For each of these comparisons we want to calculate the associated confidence interval for the difference of the means. For each comparison there are two groups. We will refer to group one as the group whose results are in the first row of each comparison above. We will refer to group two as the group whose results are in the second row of each comparison above. Before we can do that we must first compute a standard error and a t-score. We will find general formulae which is necessary in order to do all three calculations at once.

We assume that the means for the first group are defined in a variable
called *m1*. The means for the second group are defined in a variable
called *m2*. The standard deviations for the first group are in a
variable called *sd1*. The standard deviations for the second group
are in a variable called *sd2*. The number of samples for the first
group are in a variable called *num1*. Finally, the number of samples
for the second group are in a variable called *num2*.

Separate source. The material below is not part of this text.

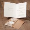 Stijlvolle trouwkaart in een hoesje van kraftpapier met kant
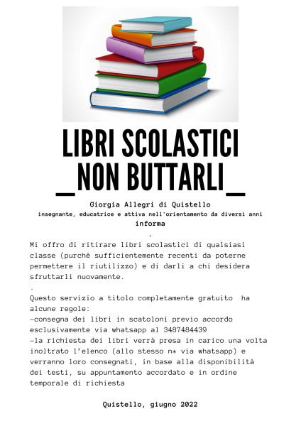 Come ogni anno l'insegnante si offre di ritirare libri scolastici di qualsiasi classe (purché sufficientemente recenti da poterne permettere il riutilizzo) e di darli a chi desidera sfruttarli nuovamente.

With these definitions the standard error is the square root of
*(sd1^2)/num1+(sd2^2)/num2*. The R commands to do this can be found
below:

```
> m1 <- c(10,12,30)
> m2 <- c(10.5,13,28.5)
> sd1 <- c(3,4,4.5)
> sd2 <- c(2.5,5.3,3)
> num1 <- c(300,210,420)
> num2 <- c(230,340,400)
> se <- sqrt(sd1*sd1/num1+sd2*sd2/num2)
> error <- qt(0.975,df=pmin(num1,num2)-1)*se
```

To see the values just type in the variable name on a line alone:

```
> m1
[1] 10 12 30
> m2
[1] 10.5 13.0 28.5
> sd1
[1] 3.0 4.0 4.5
> sd2
[1] 2.5 5.3 3.0
> num1
[1] 300 210 420
> num2
[1] 230 340 400
> se
[1] 0.2391107 0.3985074 0.2659216
> error
[1] 0.4711382 0.7856092 0.5227825
```

Now we need to define the confidence interval around the assumed
differences. Just as in the case of finding the p values in previous
chapter we have to use the *pmin* command to get the number of degrees
of freedom. In this case the null hypotheses are for a difference of
zero, and we use a 95% confidence interval:

```
> left <- (m1-m2)-error
> right <- (m1-m2)+error
> left
[1] -0.9711382 -1.7856092 0.9772175
> right
[1] -0.02886177 -0.21439076 2.02278249
```

This gives the confidence intervals for each of the three tests. For example, in the first experiment the 95% confidence interval is between -0.97 and -0.03 assuming that the random variables are normally distributed, and the samples are independent.